═════ Data segment

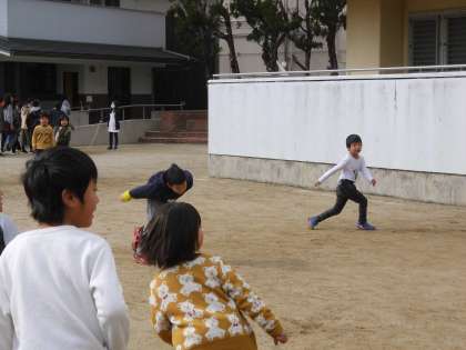 いつも1年生がドッヂボールをしている場所で,今日は1・2年生が一緒になってドッヂボールをしていました。2年生の手加減ないボールにも動じることなく向かっていく1年生たち。なかなかに白熱していました。
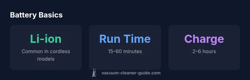 According to Vacuum Cleaner Guide, most modern cordless vacuums rely on lithium-based battery chemistry due to energy density and weight benefits. Corded vacuums, in contrast, operate directly from mains power and do not rely on a removable battery. However, there are older or ultra-budget cordless models that still use NiMH or nickel-metal hydride batteries; these are increasingly rare but can be found in entry-level products. The shift toward Li-ion has been driven by consumer demand for longer runtimes without a heavier handset, easier balance during cleaning, and compatibility with compact vacua. When evaluating a cordless vacuum, battery type is often listed in the product specs under 'Battery' or 'Power' and can influence performance, charging behavior, and lifespan. In practice, Li-ion packs enable more aggressive suction modes without draining the battery quickly, which is a primary reason brands standardize Li-ion across most new models.
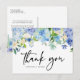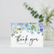 Envíe gracias a los clientes y clientes con este personalizable gracias postal. Cuenta con hortensias de color azul y púrpura, rosas de marfil y vegetación. Personalice esta postal floral de agradecimiento añadiendo sus propios detalles de evento. Esta tarjeta postal es perfecta para bodas de invierno y primavera, duchas de novias, duchas para bebés y otros eventos.

══════════

◆ Work to be completed: All of the data, minus its pictures, should be repeated exactly.

◆ Solution to the problem:
 いつも1年生がドッヂボールをしている場所で,今日は1・2年生が一緒になってドッヂボールをしていました。2年生の手加減ないボールにも動じることなく向かっていく1年生たち。なかなかに白熱していました。
 According to Vacuum Cleaner Guide, most modern cordless vacuums rely on lithium-based battery chemistry due to energy density and weight benefits. Corded vacuums, in contrast, operate directly from mains power and do not rely on a removable battery. However, there are older or ultra-budget cordless models that still use NiMH or nickel-metal hydride batteries; these are increasingly rare but can be found in entry-level products. The shift toward Li-ion has been driven by consumer demand for longer runtimes without a heavier handset, easier balance during cleaning, and compatibility with compact vacua. When evaluating a cordless vacuum, battery type is often listed in the product specs under 'Battery' or 'Power' and can influence performance, charging behavior, and lifespan. In practice, Li-ion packs enable more aggressive suction modes without draining the battery quickly, which is a primary reason brands standardize Li-ion across most new models.
 Envíe gracias a los clientes y clientes con este personalizable gracias postal. Cuenta con hortensias de color azul y púrpura, rosas de marfil y vegetación. Personalice esta postal floral de agradecimiento añadiendo sus propios detalles de evento. Esta tarjeta postal es perfecta para bodas de invierno y primavera, duchas de novias, duchas para bebés y otros eventos.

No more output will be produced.